Parameters#

Run evalscope eval --help to get a complete list of parameter descriptions.

Model Parameters#

  • --model: Specifies the model_id of the model in ModelScope, which can be automatically downloaded, for example, Qwen/Qwen2.5-0.5B-Instruct; it can also be a local path to the model, e.g., /path/to/model.

  • --model-args: Model loading parameters, separated by commas in key=value format. Default parameters:

    • revision: Model version, default is master.

    • precision: Model precision, default is auto.

    • device_map: Device allocation for the model, default is auto.

  • --generation-config: Generation parameters, separated by commas in key=value format. Default parameters:

    • do_sample: Whether to use sampling, default is false.

    • max_length: Maximum length, default is 2048.

    • max_new_tokens: Maximum length of generated tokens, default is 512.

  • --chat-template: Model inference template, default is None, which means using transformers’ apply_chat_template; supports passing a Jinja template string for custom inference templates.

  • --template-type: Model inference template, deprecated, refer to --chat-template.

Dataset Parameters#

  • --datasets: Dataset names, supporting multiple datasets separated by spaces. Datasets will be automatically downloaded from ModelScope; refer to the Dataset List for supported datasets.

  • --dataset-args: Settings for the evaluation dataset in JSON format, where the key is the dataset name and the value is the parameters. Note that they must correspond one-to-one with the values in the --datasets parameter:

    • local_path: Local path to the dataset. If specified, it will attempt to load local data.

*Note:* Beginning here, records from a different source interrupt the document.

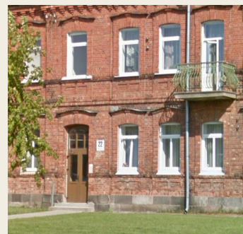
Varšavas street 22

Germans also lived in other parts of our city, for example, on Lielā Dārza St., Vienības St., A. Pumpura St., etc., which confirms their presence in Daugavpils and allows to understand the role and significance of the Germans in the city's life until the autumn of 1939. The Germans were actively involved in trade, sole proprietorships and family businesses. Most often those were families with many children. It was typical of the Germans to live together with older family members. The departure of 300-400 Germans from the city did not pass unnoticed.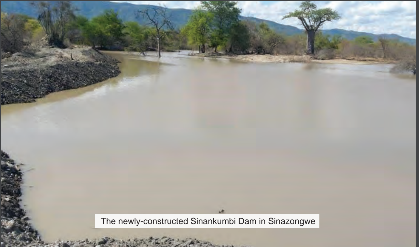
The newly-constructed Sinankumbi Dam in Sinazongwe

M CL last year completed construction of a dam in the remote region of Sinankumbi in Sinazongwe District. Sinankumbi is one of the hottest and driest areas in Zambia, and the dam is crucial for the indigenous people, as it will help alleviate their problems of acute water shortages, hitherto negatively affecting human and animal life.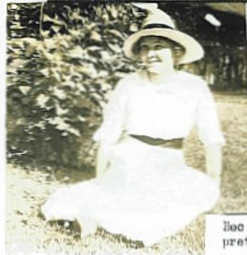
Doc sittin' pretty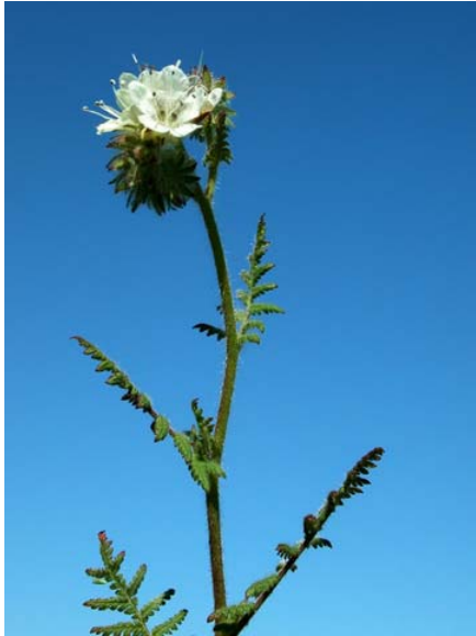
Wild Heliotrope Phacelia Phacelia distans Native Annual Waterleaf Family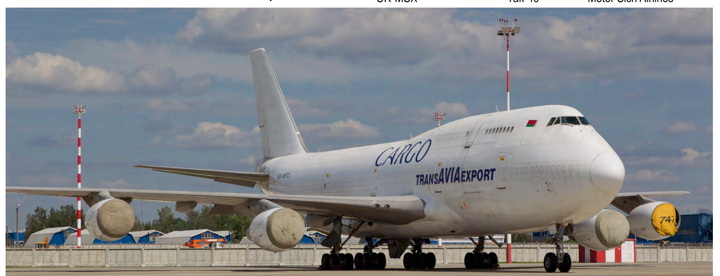
Transaviaexport Airlines took delivery of this former Georgian Star International Boeing 747 in May 2016. The aircraft was registered as EW-465TQ. The 'Cargo' titles are from the time is was operated for Saudia by Georgian Star International. (Minsk, 1 August 2018,)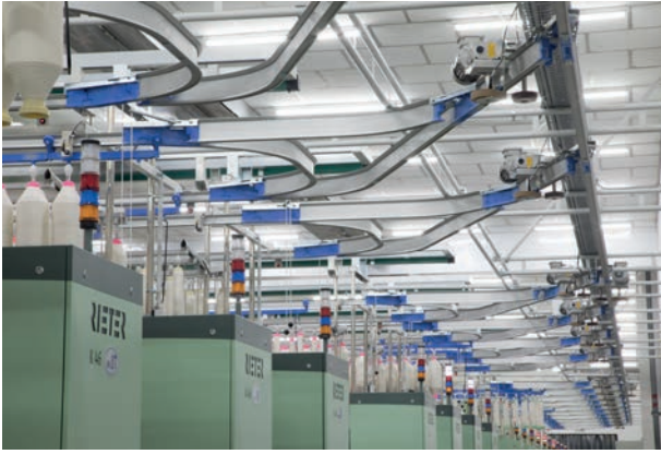
Compact spinning machine K 46 with SERVOtrail roving robbin transport system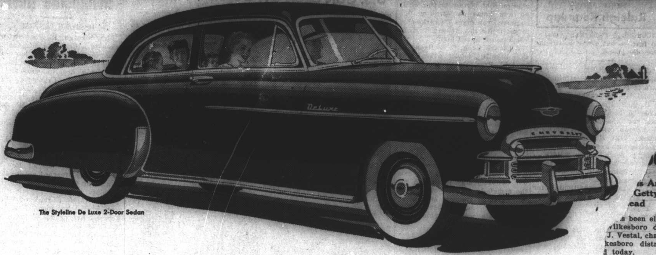
The Styleline De Luxe 2-Door Sedan

Virginia apple growers are looking forward to one of the full crops in recent years with 11,400,000 bushels estimated, a million bushels higher than in June. The U. S. D. A. estimate for North Carolina is 980,000 bushels of apples or just about the same as the crop in 1948.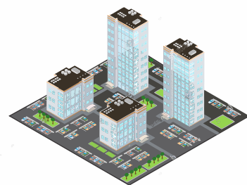
Well Planned apartments with Parking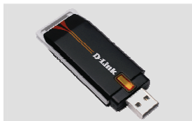
DWA-120 Wireless 108G USB Adapter

If any of the items are missing, please contact your reseller.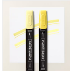
Lemon Lolly Stampin' Blends Combo Pack - 161673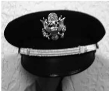
8th Grade Hat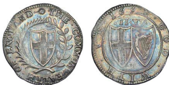
362 Halfcrown, 1652, mm. sun on obv. only, 15.00g/7h (ESC 429; N 2722; S 3215). Very fine with attractive blue tone, rare £500-700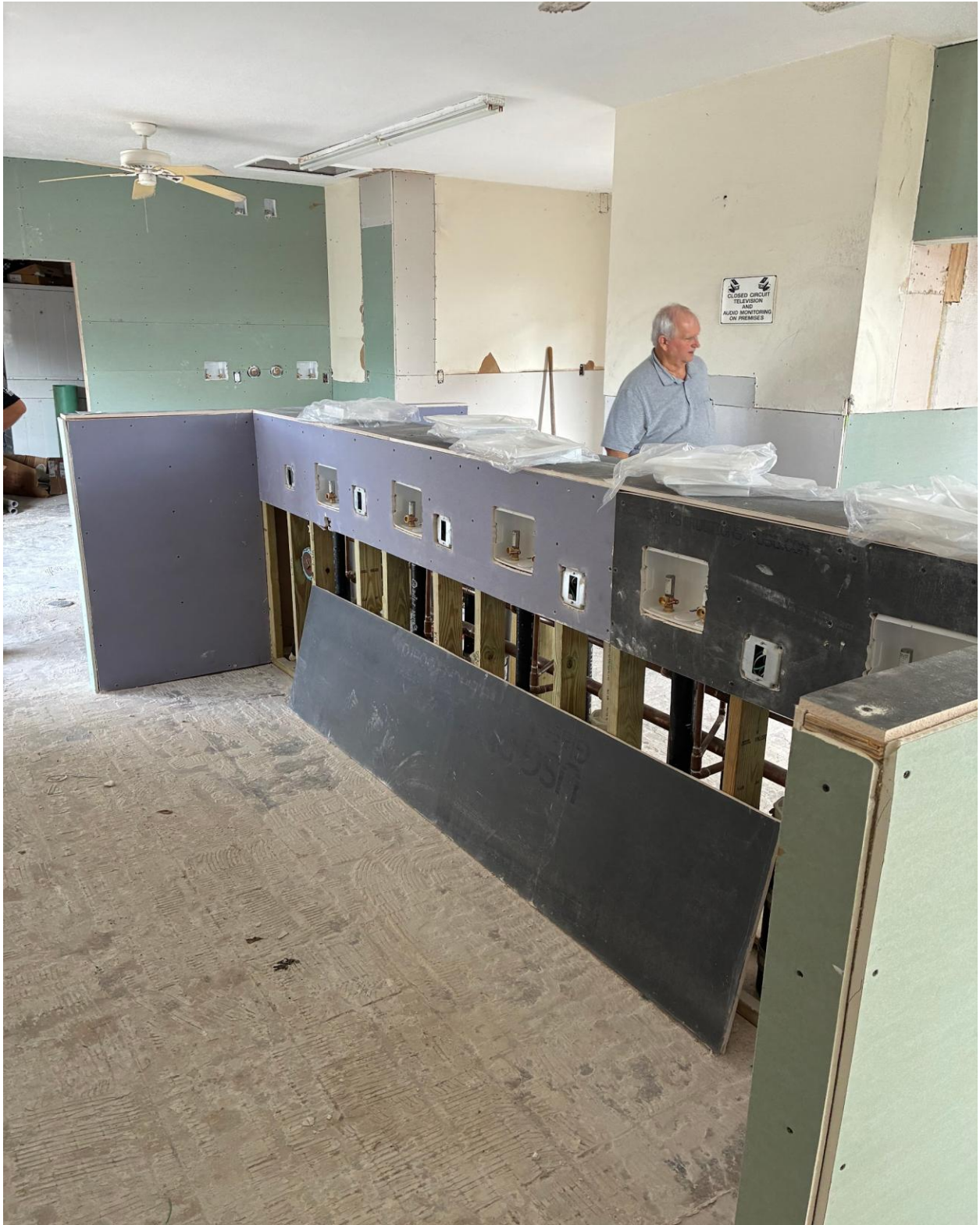
PLYMOUTH LAUNDRY- DRYWALL INSTALLATION. THIS IS WHERE THE REGULAR WASHERS WILL BE.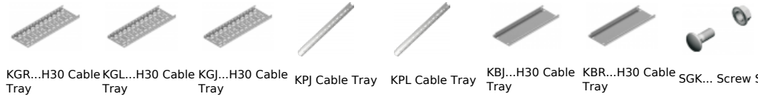
KGR...H30 Cable Tray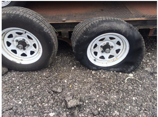
Just a flesh wound...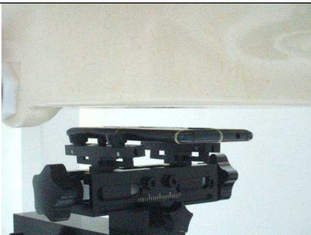
Rear Face of EUT with 1.5 cm Gap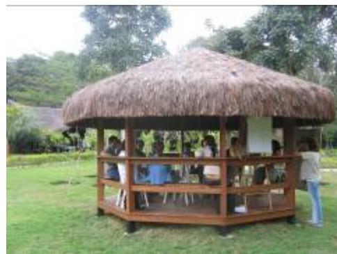
Territorial Planning working groups (on the left) and Tree Farming working group at the RPPN Estação Veracel.

The third day started with the presentation of the working groups' proposals, which were complemented by the participants who composed the working group that day. To finalize the meeting, participants discussed the achievements of the Dialogue so far, highlighting that the process was conducted in a manner that allowed continuous and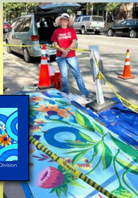
Ripple Effect by Amelia Furman

Northern Colorado Regional Airport: Daryl Thetford Murals. Artist Daryl Thetford was selected to create four large-scale murals near the security area in the new airport terminal. These colorful and playful depictions of aviation and local sites create memorable visions of the front range. Installation is expected late summer 2025.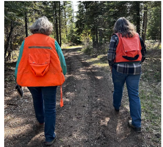
2024 Workshops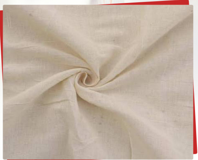
Twill Poplin Fabric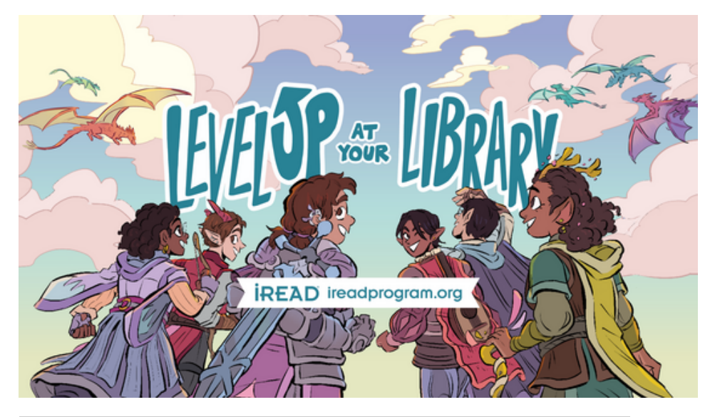
Ready or not, it's time to start thinking about Summer Reading!

This year's theme, Level Up At Your Library! is all about puzzles, games, and play - so take a peek at what we've got planned!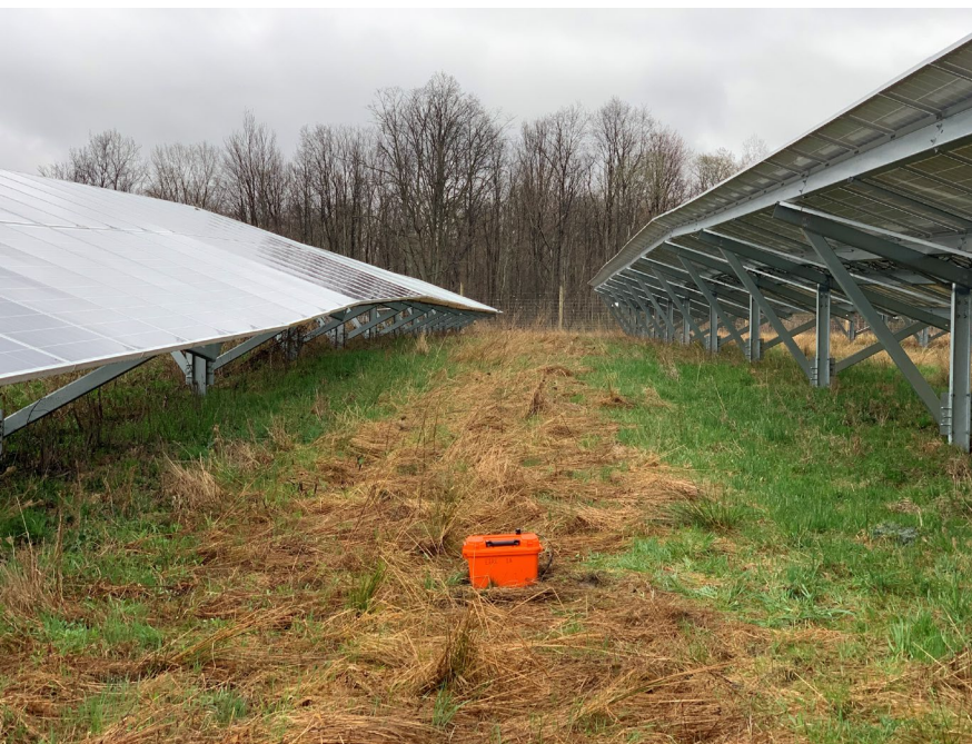
A sensor installed at the Cascadilla site under Agreement #154272.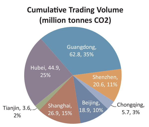
Fig. 1. Cumulative trading volume of emission allowances under the seven pilot emission trading schemes of China (up to 30 June 2017).

Updated 23 August 2017.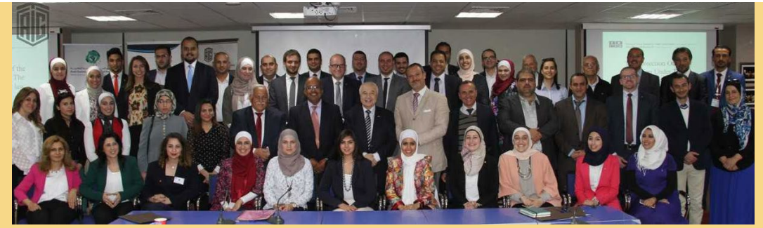
IP workshop participants from the law and pharmaceutical sectors.

Module 4: Legal actions applied on Trademarks.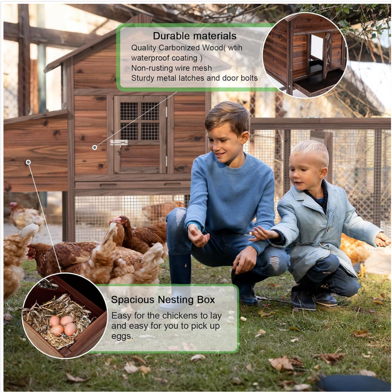
Image 5.1: The spacious nesting box, designed for easy egg collection, shown with eggs inside.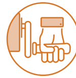
Safety Manual Crank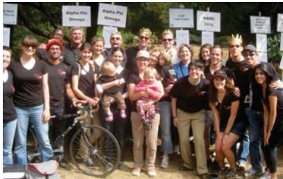
The ALRP Legal Eagles AIDS Walk Team in action!

On July 15, the ALRP Legal Eagles AIDS Walk team smashed all previous team records! 43 walkers, including 10 StarWalkers, raised a staggering $25,204. Thank you for an incredible AIDS Walk!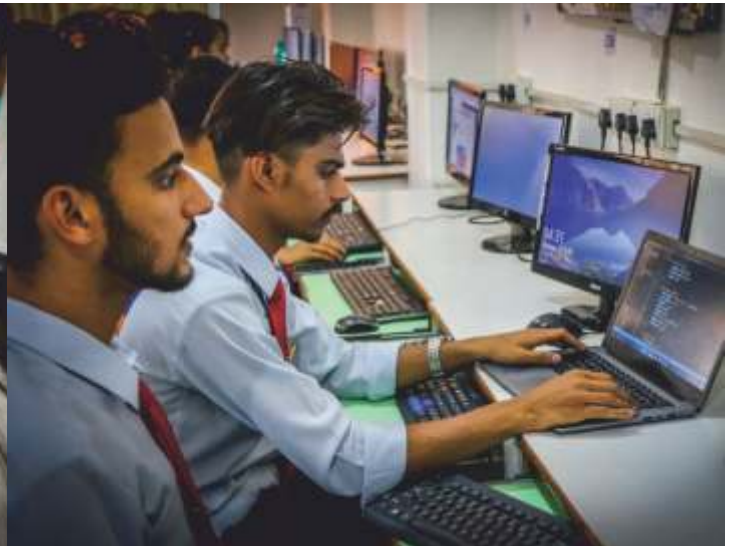
The campus has well equipped computer laboratory accessible to the students during the college hours with advanced infrastructure in terms of hardware and software to cater the requirements of the students, teachers and the curriculum.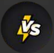
Day Care Arthroplasty Myths vs Reality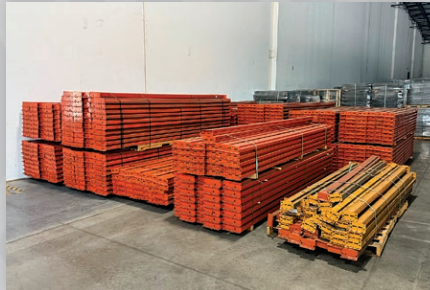
(800) 6" x 144" Beams - New Never Used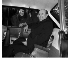
22 memorable quotes by iconic Turkish politician Süleyman Demirel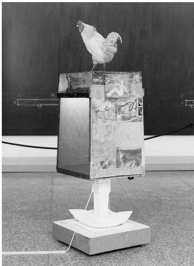
21. Odalisk (1955–8) by Robert Rauschenberg. 'Image leads to relativism leads to doubt.' Then what is the bird doing on top of it all?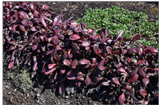
Flirt Bergenia foliage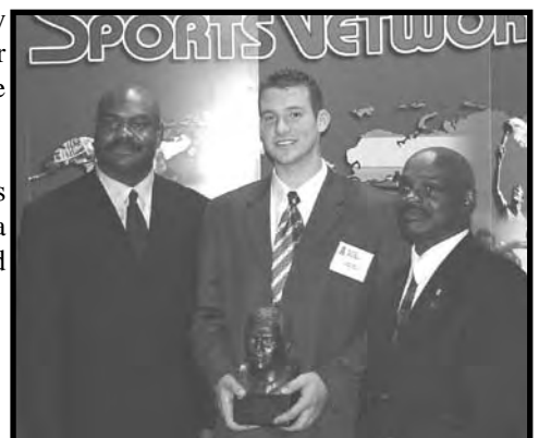
Top: Tony Romo in action during the 2002 season as he won the Walter Payton Award. Middle: Romo in action with the Dallas Cowboys during his 2006 Pro Bowl season. Bottom: Romo accepting 2002 Walter Payton Award at ceremony in Chattanooga, Tenn.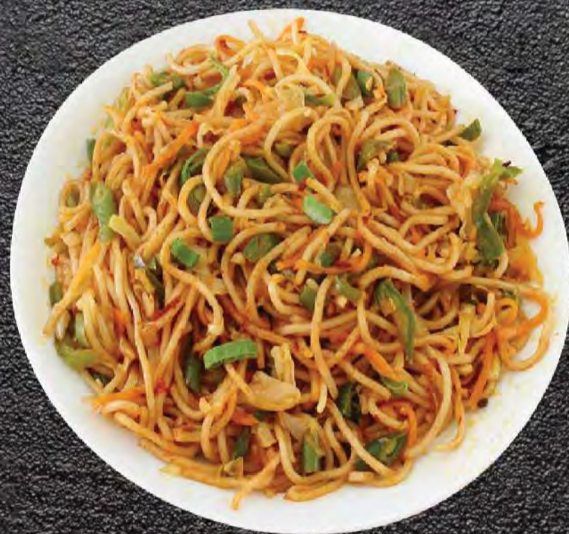
Schezwan Hakka Noodles

    • prompt_template: Prompt template for the evaluation dataset. If specified, it will be prefixed to each evaluation data entry.

    • subset_list: List of subsets for evaluation data. If specified, only subset data will be used.

    • few_shot_num: Number of few-shot samples.

    • few_shot_random: Whether to randomly sample few-shot data. Defaults to true if not set.

  • --dataset-dir: Path for downloading datasets, default is ~/.cache/modelscope/datasets.

  • --dataset-hub: Source for downloading datasets, default is modelscope, can also be huggingface.

  • --limit: Maximum amount of evaluation data per dataset. If not specified, it defaults to evaluating all data, which can be used for quick validation.

Evaluation Parameters#

  • --eval-stage: Evaluation stage, options are all, infer, review:

    • all: Full evaluation, including inference and evaluation.

    • infer: Only perform inference, no evaluation.

    • review: Only perform data evaluation, no inference.

  • --eval-type: Evaluation type, options are checkpoint, custom, default is checkpoint.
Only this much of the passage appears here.